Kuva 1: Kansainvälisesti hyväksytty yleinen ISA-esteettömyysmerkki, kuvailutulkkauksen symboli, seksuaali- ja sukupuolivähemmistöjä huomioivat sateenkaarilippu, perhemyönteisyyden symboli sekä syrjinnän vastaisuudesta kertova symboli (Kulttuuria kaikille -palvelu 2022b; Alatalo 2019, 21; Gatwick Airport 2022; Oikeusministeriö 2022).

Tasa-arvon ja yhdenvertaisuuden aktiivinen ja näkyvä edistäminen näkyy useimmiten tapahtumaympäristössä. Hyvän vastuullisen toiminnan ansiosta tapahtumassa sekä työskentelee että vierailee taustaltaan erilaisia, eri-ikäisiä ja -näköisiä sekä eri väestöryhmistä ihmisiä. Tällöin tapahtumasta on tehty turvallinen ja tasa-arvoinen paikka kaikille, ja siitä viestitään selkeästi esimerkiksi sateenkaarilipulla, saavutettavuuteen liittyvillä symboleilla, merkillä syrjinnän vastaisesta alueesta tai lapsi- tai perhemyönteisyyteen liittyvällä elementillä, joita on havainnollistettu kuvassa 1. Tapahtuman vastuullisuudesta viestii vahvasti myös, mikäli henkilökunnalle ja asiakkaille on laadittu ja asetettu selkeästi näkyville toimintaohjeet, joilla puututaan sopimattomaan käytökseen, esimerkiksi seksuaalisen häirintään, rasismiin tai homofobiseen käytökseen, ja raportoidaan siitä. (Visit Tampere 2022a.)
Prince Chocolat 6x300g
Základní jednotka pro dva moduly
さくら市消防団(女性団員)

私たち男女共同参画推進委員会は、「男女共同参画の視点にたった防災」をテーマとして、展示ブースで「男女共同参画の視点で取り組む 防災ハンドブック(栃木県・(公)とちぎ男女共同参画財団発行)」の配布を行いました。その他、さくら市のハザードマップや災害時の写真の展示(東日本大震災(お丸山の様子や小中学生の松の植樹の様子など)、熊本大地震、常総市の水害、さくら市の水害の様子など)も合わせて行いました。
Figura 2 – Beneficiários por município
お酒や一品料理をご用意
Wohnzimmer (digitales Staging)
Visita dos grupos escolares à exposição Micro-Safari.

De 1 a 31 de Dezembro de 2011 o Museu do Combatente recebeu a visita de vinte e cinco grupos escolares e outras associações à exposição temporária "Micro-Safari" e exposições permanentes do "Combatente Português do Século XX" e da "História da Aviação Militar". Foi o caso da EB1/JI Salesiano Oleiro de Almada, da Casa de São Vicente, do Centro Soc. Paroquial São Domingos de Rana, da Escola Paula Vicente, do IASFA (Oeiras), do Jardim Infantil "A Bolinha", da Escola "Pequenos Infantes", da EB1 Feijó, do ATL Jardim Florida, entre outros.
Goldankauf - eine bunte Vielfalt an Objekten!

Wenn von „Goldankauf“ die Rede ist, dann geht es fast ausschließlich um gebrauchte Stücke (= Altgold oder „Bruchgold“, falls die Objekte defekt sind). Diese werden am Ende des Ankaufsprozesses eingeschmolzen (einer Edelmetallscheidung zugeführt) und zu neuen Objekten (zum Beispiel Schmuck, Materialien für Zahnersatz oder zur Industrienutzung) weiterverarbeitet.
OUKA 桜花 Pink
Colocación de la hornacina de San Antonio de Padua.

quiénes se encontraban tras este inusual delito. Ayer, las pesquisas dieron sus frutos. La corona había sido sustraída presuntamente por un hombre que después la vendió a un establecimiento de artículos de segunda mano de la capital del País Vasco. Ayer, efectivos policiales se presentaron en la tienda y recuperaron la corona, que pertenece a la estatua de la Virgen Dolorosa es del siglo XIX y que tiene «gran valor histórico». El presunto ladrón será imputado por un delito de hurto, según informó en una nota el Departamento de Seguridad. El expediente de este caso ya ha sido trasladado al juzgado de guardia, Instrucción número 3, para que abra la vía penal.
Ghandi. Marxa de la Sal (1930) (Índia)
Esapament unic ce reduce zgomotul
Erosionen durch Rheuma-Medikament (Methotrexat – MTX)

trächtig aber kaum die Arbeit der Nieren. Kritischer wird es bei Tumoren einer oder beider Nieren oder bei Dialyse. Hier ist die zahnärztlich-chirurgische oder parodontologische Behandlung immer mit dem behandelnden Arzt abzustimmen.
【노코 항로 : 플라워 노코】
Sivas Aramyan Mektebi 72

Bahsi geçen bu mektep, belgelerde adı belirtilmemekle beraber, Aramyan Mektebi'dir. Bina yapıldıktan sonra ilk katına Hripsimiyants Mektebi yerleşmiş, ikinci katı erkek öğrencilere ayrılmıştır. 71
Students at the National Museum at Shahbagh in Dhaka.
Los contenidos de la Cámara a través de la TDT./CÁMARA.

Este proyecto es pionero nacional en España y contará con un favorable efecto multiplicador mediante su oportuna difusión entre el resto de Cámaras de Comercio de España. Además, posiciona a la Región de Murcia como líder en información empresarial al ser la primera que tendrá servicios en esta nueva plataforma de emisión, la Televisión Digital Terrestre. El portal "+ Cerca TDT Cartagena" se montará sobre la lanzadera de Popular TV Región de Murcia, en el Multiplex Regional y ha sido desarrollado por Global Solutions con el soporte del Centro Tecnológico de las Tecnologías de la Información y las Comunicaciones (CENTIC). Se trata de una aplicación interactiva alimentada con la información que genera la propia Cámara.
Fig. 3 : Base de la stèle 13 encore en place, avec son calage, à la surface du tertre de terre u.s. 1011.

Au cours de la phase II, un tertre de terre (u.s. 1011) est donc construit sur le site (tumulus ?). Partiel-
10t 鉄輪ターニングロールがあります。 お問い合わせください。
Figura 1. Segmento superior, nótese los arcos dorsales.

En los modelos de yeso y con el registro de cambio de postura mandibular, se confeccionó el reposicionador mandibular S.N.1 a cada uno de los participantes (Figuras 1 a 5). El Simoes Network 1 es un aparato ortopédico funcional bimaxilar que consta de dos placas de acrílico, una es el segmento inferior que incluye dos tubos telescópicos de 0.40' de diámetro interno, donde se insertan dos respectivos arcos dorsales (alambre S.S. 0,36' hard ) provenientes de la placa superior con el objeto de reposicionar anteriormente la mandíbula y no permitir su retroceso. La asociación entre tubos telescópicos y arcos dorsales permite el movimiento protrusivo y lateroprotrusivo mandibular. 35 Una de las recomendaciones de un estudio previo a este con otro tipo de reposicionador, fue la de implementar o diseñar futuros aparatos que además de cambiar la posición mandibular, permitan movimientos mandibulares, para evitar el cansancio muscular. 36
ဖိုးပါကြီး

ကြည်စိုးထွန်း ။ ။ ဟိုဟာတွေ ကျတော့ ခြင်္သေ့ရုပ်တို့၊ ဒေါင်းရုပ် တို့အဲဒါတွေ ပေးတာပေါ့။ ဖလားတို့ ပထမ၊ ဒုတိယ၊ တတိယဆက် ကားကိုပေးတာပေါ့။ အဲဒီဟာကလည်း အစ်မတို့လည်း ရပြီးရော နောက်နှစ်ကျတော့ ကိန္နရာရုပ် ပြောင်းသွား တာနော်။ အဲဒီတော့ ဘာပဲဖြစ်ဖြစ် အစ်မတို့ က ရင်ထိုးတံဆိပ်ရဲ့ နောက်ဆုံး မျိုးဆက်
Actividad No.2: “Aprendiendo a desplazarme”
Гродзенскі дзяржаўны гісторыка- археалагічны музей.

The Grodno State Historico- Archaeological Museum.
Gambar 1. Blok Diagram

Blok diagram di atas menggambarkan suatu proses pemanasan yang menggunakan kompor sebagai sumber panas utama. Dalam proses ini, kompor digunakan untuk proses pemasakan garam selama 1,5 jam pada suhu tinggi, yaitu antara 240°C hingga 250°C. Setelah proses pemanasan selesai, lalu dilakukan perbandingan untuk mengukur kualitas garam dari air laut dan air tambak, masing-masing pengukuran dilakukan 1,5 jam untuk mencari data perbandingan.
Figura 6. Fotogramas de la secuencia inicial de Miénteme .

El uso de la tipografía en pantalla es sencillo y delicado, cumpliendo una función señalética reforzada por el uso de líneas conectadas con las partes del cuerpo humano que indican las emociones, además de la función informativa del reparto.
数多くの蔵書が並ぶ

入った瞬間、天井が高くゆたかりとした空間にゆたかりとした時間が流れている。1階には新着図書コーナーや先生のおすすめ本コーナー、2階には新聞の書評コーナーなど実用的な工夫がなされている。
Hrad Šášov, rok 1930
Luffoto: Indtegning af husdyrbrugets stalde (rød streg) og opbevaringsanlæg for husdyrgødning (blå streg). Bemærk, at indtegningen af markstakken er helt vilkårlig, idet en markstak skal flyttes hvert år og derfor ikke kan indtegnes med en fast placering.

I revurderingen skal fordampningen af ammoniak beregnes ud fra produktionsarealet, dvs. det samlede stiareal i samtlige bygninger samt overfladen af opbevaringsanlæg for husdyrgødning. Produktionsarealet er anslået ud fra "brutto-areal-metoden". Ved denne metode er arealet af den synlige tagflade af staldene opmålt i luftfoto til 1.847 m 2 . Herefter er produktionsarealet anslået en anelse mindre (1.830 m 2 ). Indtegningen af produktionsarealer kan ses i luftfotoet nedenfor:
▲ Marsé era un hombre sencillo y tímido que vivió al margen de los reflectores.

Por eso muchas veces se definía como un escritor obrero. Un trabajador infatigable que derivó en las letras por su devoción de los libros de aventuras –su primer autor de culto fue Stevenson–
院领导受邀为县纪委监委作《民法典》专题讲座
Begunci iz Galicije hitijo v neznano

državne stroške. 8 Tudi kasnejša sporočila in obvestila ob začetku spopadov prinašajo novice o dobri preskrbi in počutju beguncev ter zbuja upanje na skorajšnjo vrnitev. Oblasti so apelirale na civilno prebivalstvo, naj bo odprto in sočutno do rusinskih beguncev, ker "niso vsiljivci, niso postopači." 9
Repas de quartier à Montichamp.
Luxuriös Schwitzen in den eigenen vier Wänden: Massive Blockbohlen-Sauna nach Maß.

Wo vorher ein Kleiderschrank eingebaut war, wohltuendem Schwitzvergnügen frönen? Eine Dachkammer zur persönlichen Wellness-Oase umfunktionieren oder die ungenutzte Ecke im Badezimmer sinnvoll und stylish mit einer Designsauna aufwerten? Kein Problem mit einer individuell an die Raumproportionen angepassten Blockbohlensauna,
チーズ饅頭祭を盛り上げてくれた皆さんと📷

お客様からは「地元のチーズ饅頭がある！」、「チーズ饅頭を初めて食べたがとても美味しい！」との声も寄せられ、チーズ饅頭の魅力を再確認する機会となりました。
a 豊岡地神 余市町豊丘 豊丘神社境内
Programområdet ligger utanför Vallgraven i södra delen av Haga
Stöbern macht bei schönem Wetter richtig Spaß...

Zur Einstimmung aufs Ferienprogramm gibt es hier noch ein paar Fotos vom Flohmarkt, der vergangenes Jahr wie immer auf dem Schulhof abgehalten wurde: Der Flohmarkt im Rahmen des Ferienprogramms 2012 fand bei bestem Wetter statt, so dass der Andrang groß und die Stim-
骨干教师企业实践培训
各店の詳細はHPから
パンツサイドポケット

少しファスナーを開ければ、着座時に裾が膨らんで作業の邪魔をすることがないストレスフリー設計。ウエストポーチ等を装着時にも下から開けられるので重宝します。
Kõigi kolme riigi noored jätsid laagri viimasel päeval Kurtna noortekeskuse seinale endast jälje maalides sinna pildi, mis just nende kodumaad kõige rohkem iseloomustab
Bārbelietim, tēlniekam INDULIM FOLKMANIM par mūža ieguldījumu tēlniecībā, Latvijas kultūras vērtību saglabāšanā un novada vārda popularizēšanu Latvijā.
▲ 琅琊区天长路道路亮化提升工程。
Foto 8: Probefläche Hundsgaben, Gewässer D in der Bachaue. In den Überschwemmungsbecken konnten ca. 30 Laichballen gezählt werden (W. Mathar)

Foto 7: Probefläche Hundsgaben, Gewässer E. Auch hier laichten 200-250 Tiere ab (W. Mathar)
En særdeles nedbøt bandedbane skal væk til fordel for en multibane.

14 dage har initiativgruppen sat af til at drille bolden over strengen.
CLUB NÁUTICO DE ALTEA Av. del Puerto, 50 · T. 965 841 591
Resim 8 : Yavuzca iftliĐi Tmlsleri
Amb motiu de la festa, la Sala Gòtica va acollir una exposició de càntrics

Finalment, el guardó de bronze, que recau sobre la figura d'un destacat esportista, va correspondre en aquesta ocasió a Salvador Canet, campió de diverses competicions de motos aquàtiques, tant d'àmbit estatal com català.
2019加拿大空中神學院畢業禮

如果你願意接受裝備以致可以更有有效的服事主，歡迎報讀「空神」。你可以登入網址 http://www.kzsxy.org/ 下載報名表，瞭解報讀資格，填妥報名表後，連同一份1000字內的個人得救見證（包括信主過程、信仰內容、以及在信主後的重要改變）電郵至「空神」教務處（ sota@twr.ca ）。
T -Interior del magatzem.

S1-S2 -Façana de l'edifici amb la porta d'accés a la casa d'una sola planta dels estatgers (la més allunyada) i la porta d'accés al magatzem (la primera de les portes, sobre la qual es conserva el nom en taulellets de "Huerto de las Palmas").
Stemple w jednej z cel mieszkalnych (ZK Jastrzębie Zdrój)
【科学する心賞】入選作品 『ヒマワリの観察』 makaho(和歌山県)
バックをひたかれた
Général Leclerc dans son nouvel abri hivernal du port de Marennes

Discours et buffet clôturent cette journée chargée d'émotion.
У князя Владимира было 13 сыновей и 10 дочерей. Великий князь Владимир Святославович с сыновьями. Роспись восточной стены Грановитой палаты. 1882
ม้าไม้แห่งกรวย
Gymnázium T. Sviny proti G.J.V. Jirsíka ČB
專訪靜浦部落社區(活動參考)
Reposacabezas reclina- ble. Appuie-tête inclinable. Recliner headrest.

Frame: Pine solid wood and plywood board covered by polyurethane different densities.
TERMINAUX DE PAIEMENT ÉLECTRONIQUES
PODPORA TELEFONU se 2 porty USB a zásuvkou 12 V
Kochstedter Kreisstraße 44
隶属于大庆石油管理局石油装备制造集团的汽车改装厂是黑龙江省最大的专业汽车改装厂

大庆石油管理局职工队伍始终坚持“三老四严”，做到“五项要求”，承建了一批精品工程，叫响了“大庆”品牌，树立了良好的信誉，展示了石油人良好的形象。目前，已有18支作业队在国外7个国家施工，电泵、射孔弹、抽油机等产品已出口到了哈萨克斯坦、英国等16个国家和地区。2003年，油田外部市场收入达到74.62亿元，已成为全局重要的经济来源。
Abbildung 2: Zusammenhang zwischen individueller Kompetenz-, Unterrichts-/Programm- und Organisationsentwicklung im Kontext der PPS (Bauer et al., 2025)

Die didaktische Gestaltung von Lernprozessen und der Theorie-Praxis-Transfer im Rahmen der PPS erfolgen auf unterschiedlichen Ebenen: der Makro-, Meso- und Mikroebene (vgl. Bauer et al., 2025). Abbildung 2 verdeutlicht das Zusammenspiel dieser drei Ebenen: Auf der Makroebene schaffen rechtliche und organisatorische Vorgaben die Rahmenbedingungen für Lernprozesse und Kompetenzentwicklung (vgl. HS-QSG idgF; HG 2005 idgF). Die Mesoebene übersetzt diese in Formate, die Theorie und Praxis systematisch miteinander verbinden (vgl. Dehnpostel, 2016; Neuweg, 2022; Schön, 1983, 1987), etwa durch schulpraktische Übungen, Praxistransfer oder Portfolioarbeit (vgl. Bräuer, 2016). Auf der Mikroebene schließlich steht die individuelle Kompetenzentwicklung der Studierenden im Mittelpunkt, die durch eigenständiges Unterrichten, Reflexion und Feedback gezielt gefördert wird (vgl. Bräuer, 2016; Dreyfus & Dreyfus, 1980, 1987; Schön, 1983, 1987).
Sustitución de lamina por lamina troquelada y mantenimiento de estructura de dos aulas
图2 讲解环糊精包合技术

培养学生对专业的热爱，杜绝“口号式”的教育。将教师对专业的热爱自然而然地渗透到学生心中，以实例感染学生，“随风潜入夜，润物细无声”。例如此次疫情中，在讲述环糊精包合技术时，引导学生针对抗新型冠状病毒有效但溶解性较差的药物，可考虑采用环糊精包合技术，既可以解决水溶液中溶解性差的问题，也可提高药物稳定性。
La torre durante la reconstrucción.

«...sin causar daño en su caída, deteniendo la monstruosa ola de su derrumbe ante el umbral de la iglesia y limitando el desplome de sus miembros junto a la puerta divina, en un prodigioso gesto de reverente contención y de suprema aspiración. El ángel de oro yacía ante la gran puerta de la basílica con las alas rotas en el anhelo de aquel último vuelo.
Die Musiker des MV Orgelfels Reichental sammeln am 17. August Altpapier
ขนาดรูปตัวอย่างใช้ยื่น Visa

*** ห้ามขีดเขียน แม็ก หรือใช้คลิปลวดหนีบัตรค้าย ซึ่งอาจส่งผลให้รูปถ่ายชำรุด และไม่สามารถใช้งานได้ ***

■ PROBLEM TO WORK ON: Reproduce, character for character, only the lines of the preceding data that start at the line with "チーズ饅頭祭を盛り上げてくれた皆さんと📷" and end at the line with "En særdeles nedbøt", both included.

■ EXERCISE SOLUTION:
チーズ饅頭祭を盛り上げてくれた皆さんと📷

お客様からは「地元のチーズ饅頭がある！」、「チーズ饅頭を初めて食べたがとても美味しい！」との声も寄せられ、チーズ饅頭の魅力を再確認する機会となりました。
a 豊岡地神 余市町豊丘 豊丘神社境内
Programområdet ligger utanför Vallgraven i södra delen av Haga
Stöbern macht bei schönem Wetter richtig Spaß...

Zur Einstimmung aufs Ferienprogramm gibt es hier noch ein paar Fotos vom Flohmarkt, der vergangenes Jahr wie immer auf dem Schulhof abgehalten wurde: Der Flohmarkt im Rahmen des Ferienprogramms 2012 fand bei bestem Wetter statt, so dass der Andrang groß und die Stim-
骨干教师企业实践培训
各店の詳細はHPから
パンツサイドポケット

少しファスナーを開ければ、着座時に裾が膨らんで作業の邪魔をすることがないストレスフリー設計。ウエストポーチ等を装着時にも下から開けられるので重宝します。
Kõigi kolme riigi noored jätsid laagri viimasel päeval Kurtna noortekeskuse seinale endast jälje maalides sinna pildi, mis just nende kodumaad kõige rohkem iseloomustab
Bārbelietim, tēlniekam INDULIM FOLKMANIM par mūža ieguldījumu tēlniecībā, Latvijas kultūras vērtību saglabāšanā un novada vārda popularizēšanu Latvijā.
▲ 琅琊区天长路道路亮化提升工程。
Foto 8: Probefläche Hundsgaben, Gewässer D in der Bachaue. In den Überschwemmungsbecken konnten ca. 30 Laichballen gezählt werden (W. Mathar)

Foto 7: Probefläche Hundsgaben, Gewässer E. Auch hier laichten 200-250 Tiere ab (W. Mathar)
En særdeles nedbøt bandedbane skal væk til fordel for en multibane.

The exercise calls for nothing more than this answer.